Task: Exactly as written and without the pictures, output the entries below.
----- Records
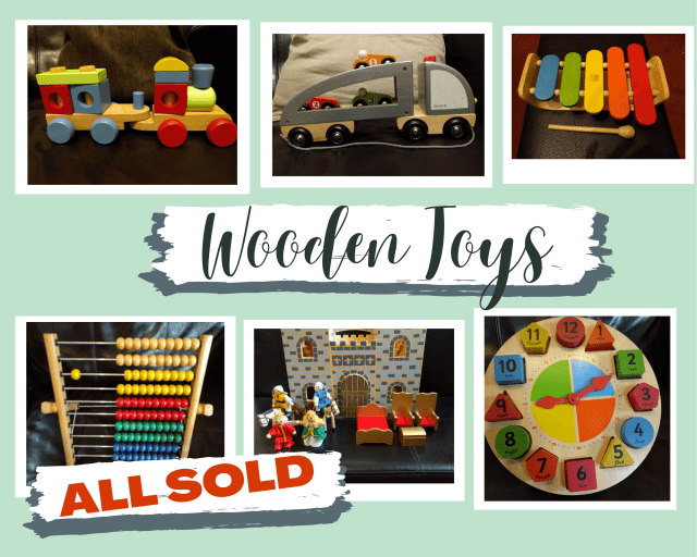 When my son was a toddler we accumulated quite a few wooden toys for him. Among other things, he had a wooden pull-along truck, a wooden fold-away castle, a wooden educational clock and an abacus. These items were still in lovely condition when he had finished playing with them. I decided to sell them locally online. I did so by selling them in very reasonably priced batches.
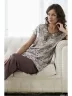 Удобная и стильная пижама для женщин сделана из искусственного шелка. Свободная блуза, украшенная кружевной тесьмой и планкой с пуговицами, изготовлена из текстиля с принтом огурцы, длинные брюки — из однотонного атласа.
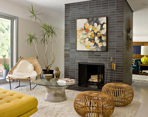 Alle Materialien können sich irgendwie miteinander anfreunden: Stoff und Rattan, Leder und Stoff, Holz und Leder. Dasselbe kann über Gewebe gesagt werden. Haben Sie keine Angst zu experimentieren. Wenn Sie bereits ein schönes Samtsofa gekauft haben, "vereinfachen" Sie das Interieur mit Hilfe von glatten Sesseln.
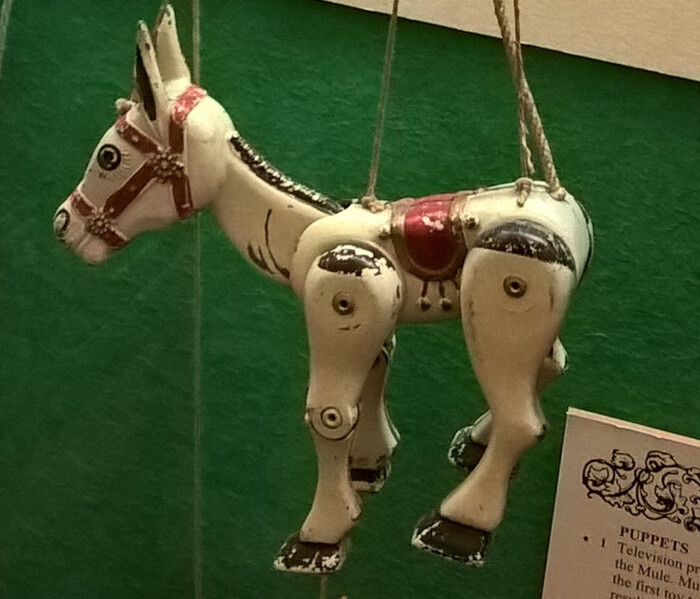 Марионетка маленького деревянного мула была сделана для номера, где клоун пытался учить его различным трюках, но упрямый безымянный мул всячески сопротивлялся дрессировке. Особого успеха номер не имел, и вскоре мул отправился на гвоздик в чулане, где и провисел больше десяти лет.
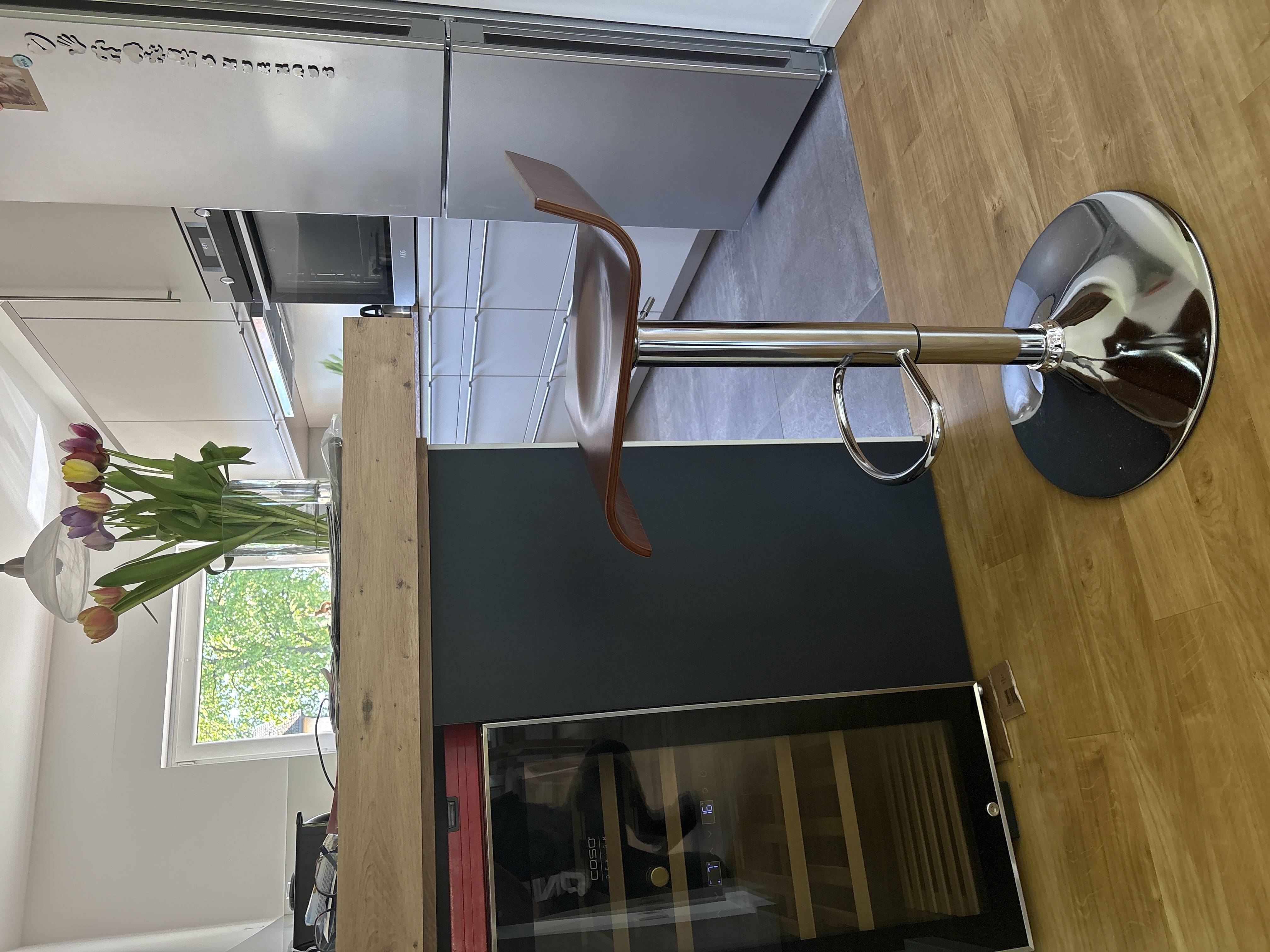Auch für große Familien, WGs und viele Freunde geeignet! Groß und Klein können bequem an der Kücheninsel oder dem Bartisch Platz nehmen, indem sie die Sitzhöhe mit dem Hebel unter dem Sitz auf die richtige Höhe anpassen. So lässt sich die Sitzhöhe im Handumdrehen von 58 auf 80 cm vergrößern.
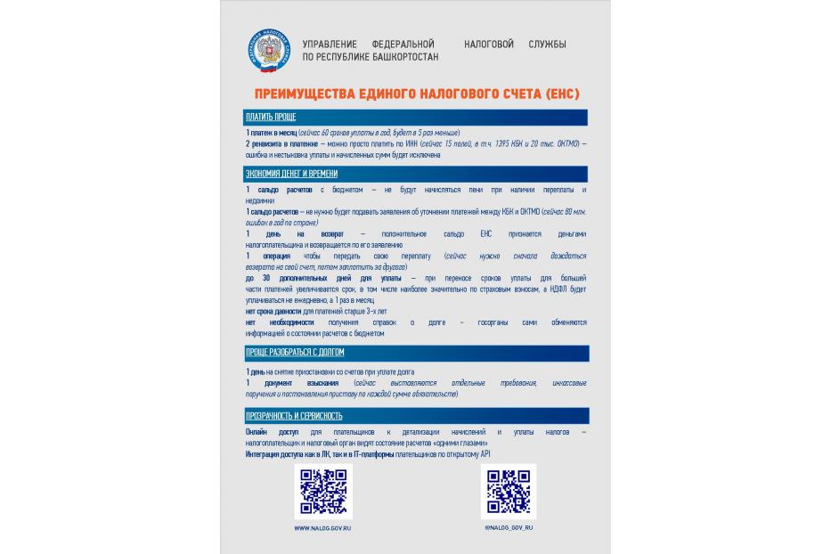 Предполагается, что налогоплательщики смогут перейти на применение единого налогового счета уже с 1 января 2023 года. Налоговая служба подготовила разъяснения в виде ответов на вопросы, касающиеся ЕНС, а также основные преимущества его применения (письмо ФНС России от 29 апреля 2022 г. № КЧ-4-8/[email protected]).
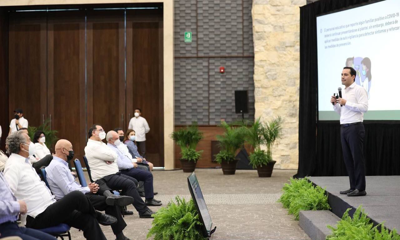 Junto con los titulares de la Secretarías de Salud (SSY), Mauricio Sauri Vivas, de Investigación, Innovación y Educación Superior (Siies), Mauricio Cámara Leal y Educación (Segey), Liborio Vidal Aguilar, el Gobernador explicó los protocolos establecidos para el Regreso Seguro a Clases, al tiempo que reiteró que la principal preocupación es el cuidado de la salud, pero el tema educativo ya no puede seguir postergándose.
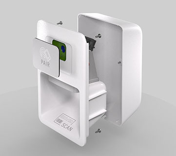 Die Terminals vereinen einen optischen Scanner mit einem Bluetooth LE Beacon zur Koppelung eines Smartphones.
----------
Problem solution:
 When my son was a toddler we accumulated quite a few wooden toys for him. Among other things, he had a wooden pull-along truck, a wooden fold-away castle, a wooden educational clock and an abacus. These items were still in lovely condition when he had finished playing with them. I decided to sell them locally online. I did so by selling them in very reasonably priced batches.
 Удобная и стильная пижама для женщин сделана из искусственного шелка. Свободная блуза, украшенная кружевной тесьмой и планкой с пуговицами, изготовлена из текстиля с принтом огурцы, длинные брюки — из однотонного атласа.
 Alle Materialien können sich irgendwie miteinander anfreunden: Stoff und Rattan, Leder und Stoff, Holz und Leder. Dasselbe kann über Gewebe gesagt werden. Haben Sie keine Angst zu experimentieren. Wenn Sie bereits ein schönes Samtsofa gekauft haben, "vereinfachen" Sie das Interieur mit Hilfe von glatten Sesseln.
 Марионетка маленького деревянного мула была сделана для номера, где клоун пытался учить его различным трюках, но упрямый безымянный мул всячески сопротивлялся дрессировке. Особого успеха номер не имел, и вскоре мул отправился на гвоздик в чулане, где и провисел больше десяти лет.
Auch für große Familien, WGs und viele Freunde geeignet! Groß und Klein können bequem an der Kücheninsel oder dem Bartisch Platz nehmen, indem sie die Sitzhöhe mit dem Hebel unter dem Sitz auf die richtige Höhe anpassen. So lässt sich die Sitzhöhe im Handumdrehen von 58 auf 80 cm vergrößern.
 Предполагается, что налогоплательщики смогут перейти на применение единого налогового счета уже с 1 января 2023 года. Налоговая служба подготовила разъяснения в виде ответов на вопросы, касающиеся ЕНС, а также основные преимущества его применения (письмо ФНС России от 29 апреля 2022 г. № КЧ-4-8/[email protected]).
 Junto con los titulares de la Secretarías de Salud (SSY), Mauricio Sauri Vivas, de Investigación, Innovación y Educación Superior (Siies), Mauricio Cámara Leal y Educación (Segey), Liborio Vidal Aguilar, el Gobernador explicó los protocolos establecidos para el Regreso Seguro a Clases, al tiempo que reiteró que la principal preocupación es el cuidado de la salud, pero el tema educativo ya no puede seguir postergándose.
 Die Terminals vereinen einen optischen Scanner mit einem Bluetooth LE Beacon zur Koppelung eines Smartphones.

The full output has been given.